Apart from the images, reproduce all of the data word for word.

[Data records]
• • • • • • •

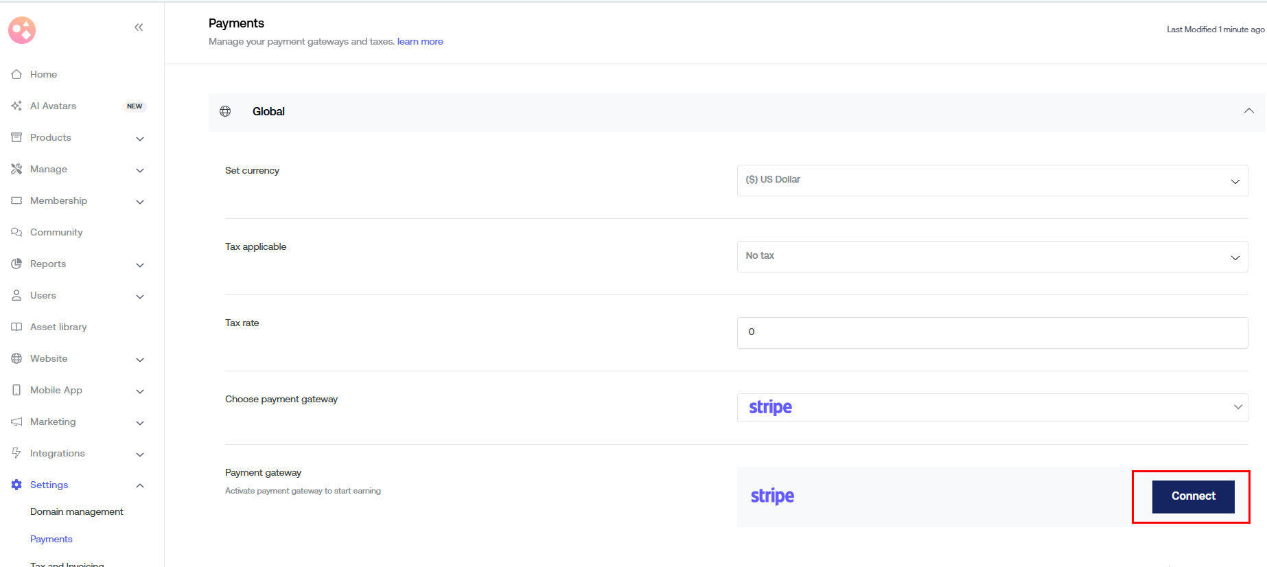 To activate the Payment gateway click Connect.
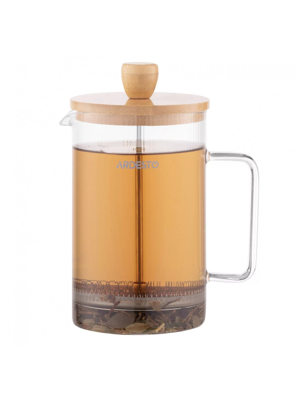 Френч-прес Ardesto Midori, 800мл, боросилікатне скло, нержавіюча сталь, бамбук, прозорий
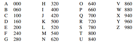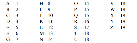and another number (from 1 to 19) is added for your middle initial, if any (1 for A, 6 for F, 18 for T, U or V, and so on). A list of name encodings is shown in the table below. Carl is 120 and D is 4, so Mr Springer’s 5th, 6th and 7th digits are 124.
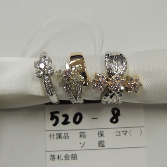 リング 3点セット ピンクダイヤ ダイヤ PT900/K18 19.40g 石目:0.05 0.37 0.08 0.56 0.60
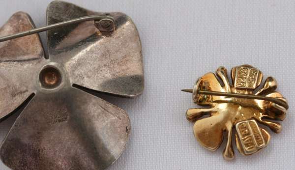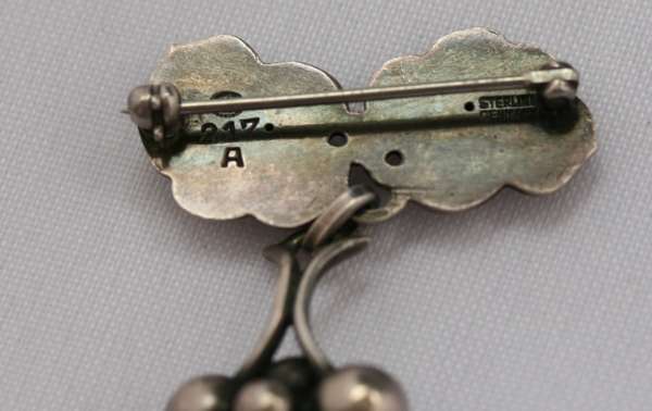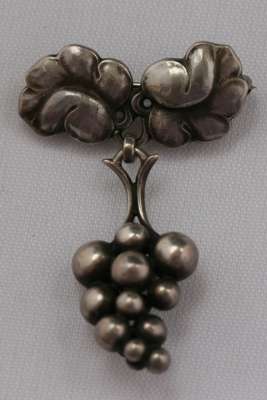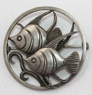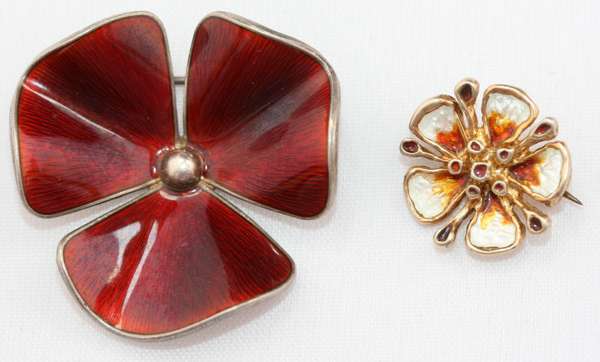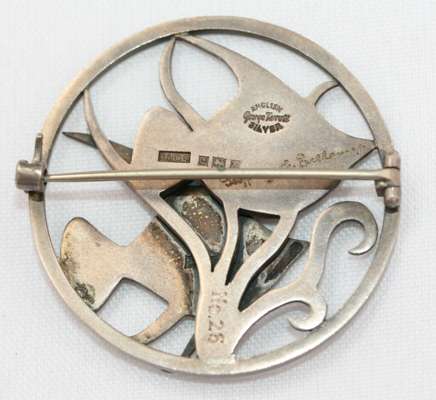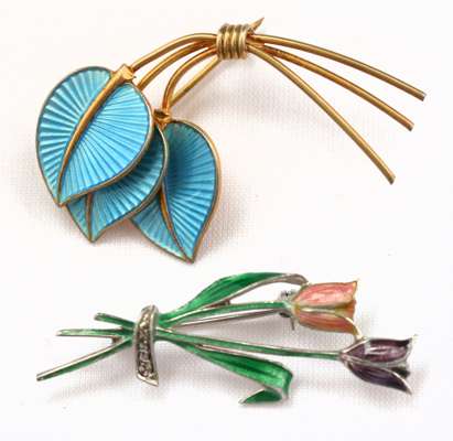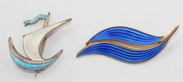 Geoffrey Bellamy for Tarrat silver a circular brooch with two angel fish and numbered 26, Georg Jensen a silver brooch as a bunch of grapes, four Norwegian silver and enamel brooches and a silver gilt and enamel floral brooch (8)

• • • • • • •

Solution for this exercise:
 To activate the Payment gateway click Connect.
 Френч-прес Ardesto Midori, 800мл, боросилікатне скло, нержавіюча сталь, бамбук, прозорий
and another number (from 1 to 19) is added for your middle initial, if any (1 for A, 6 for F, 18 for T, U or V, and so on). A list of name encodings is shown in the table below. Carl is 120 and D is 4, so Mr Springer’s 5th, 6th and 7th digits are 124.
 リング 3点セット ピンクダイヤ ダイヤ PT900/K18 19.40g 石目:0.05 0.37 0.08 0.56 0.60
 Geoffrey Bellamy for Tarrat silver a circular brooch with two angel fish and numbered 26, Georg Jensen a silver brooch as a bunch of grapes, four Norwegian silver and enamel brooches and a silver gilt and enamel floral brooch (8)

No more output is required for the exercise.